DATA TO EXAMINE |
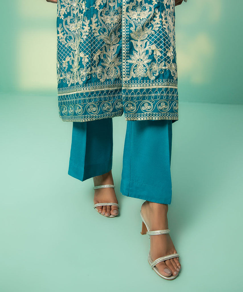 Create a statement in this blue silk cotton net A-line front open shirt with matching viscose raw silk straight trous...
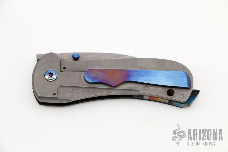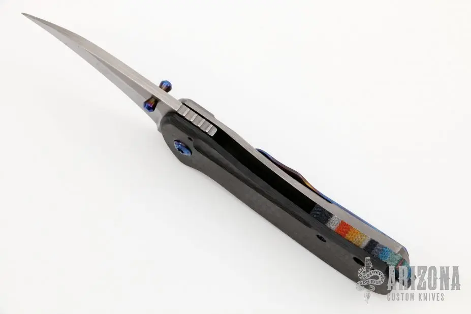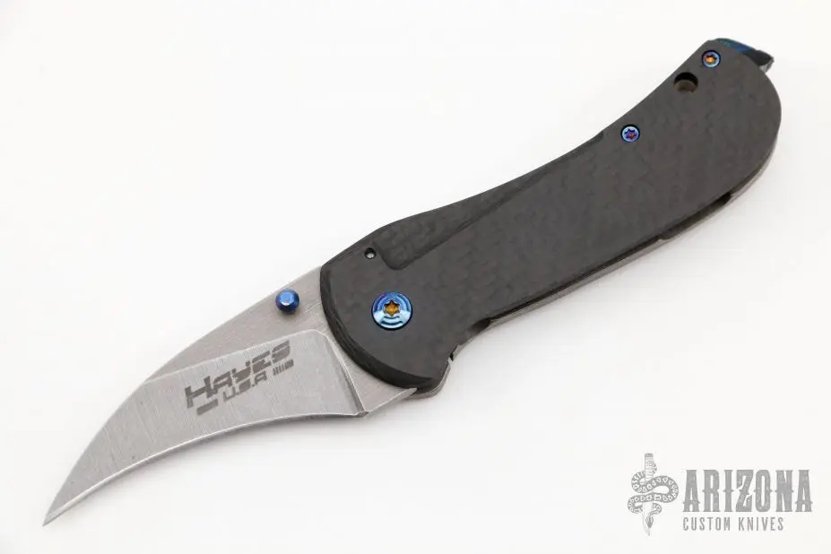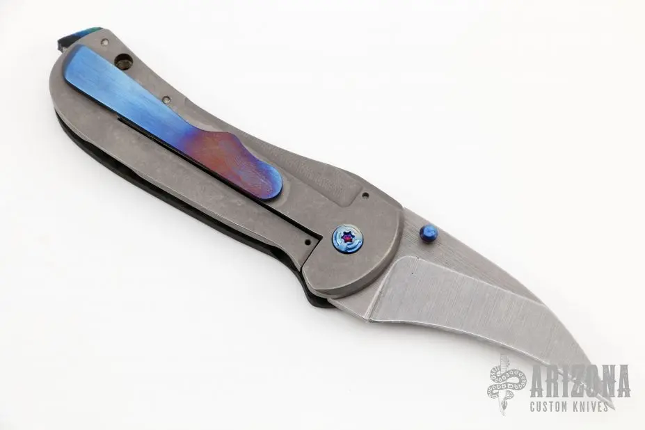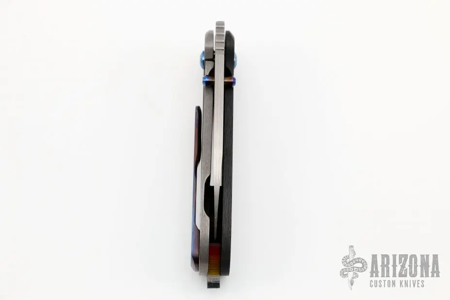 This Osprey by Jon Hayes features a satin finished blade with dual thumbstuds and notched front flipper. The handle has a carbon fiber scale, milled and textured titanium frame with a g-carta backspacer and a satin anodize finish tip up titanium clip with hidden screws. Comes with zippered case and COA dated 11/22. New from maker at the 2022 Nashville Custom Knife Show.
---
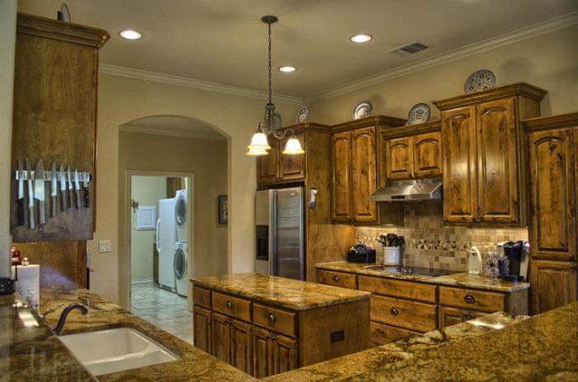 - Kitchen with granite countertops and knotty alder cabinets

TO DO |
Nothing but the lines from the one with "Create a statement" to the one with "This Osprey by" above, both included, should be transcribed, exactly and without pictures.

RESULT |
 Create a statement in this blue silk cotton net A-line front open shirt with matching viscose raw silk straight trous...
 This Osprey by Jon Hayes features a satin finished blade with dual thumbstuds and notched front flipper. The handle has a carbon fiber scale, milled and textured titanium frame with a g-carta backspacer and a satin anodize finish tip up titanium clip with hidden screws. Comes with zippered case and COA dated 11/22. New from maker at the 2022 Nashville Custom Knife Show.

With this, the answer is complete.